Consider an auto worker with a broken computer. He works an eight-hour shift and makes $20 per hour in the factory but could take the day off to fix his computer instead. He reasons that it makes more sense to pay a local computer specialist $100 to fix his machine because he can spend his time more profitably building cars instead. The situation of the auto worker in this case is analogous to the situation of a community, region or nation. Because some people and places are better at producing certain products than others, it makes sense for people, localities and even countries to collectively specialize in doing what they do best. If a town can either make $2 million worth of shoes or grow $1 million worth of corn, it makes sense for that town to make shoes instead.
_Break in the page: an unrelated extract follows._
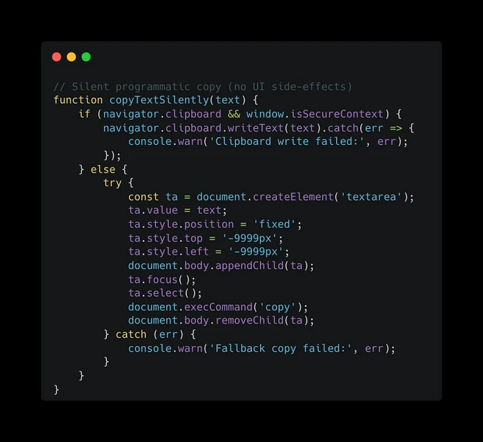 在copyTextSilently()函数中:

Advocates of local farming initiatives would say that it makes more sense for that community to spend its time growing enough corn for itself, rather than buying food from farmers in the next town over. However, that community must spend less time making shoes and as a result, its total product is of less monetary value; in other words, the community has become poorer since some of its residents decided to devote their time to growing crops.

The same advocates would argue that making purchases from local business is more environmentally friendly than buying from businesses far away because doing so cuts down on transportation distances, and thus reduces greenhouse gas emissions. However, in the case of organic farming, local farmers tend to use more land to produce their product than standard agribusiness farms; one could hardly say that using more land is environmentally friendly. That doesn't do any favors for the transportation-related argument, either when local farms eat up more land, people have to drive farther to carry out everyday tasks, increasing greenhouse gas emissions.

There are, of course, legitimate reasons to buy more expensive local products instead of brand-name ones. The best of these is that they actually offer you a better product local restaurants are, quite often, vastly superior to national chains in terms of quality, and fresh local produce may very well taste better (though a Stanford University study suggests it's not necessarily any better for you). Maybe you don't necessarily like Dirt Cowboy any more than Starbucks, but go there because your friend works there, or because the workers there make more money and that's a cause you support or both. These are all perfectly sensible economic reasons to buy local. But don't buy from local business out of some sense of economic self-righteousness you're only helping perpetuate less efficient business, making the local and national economy poorer as a result.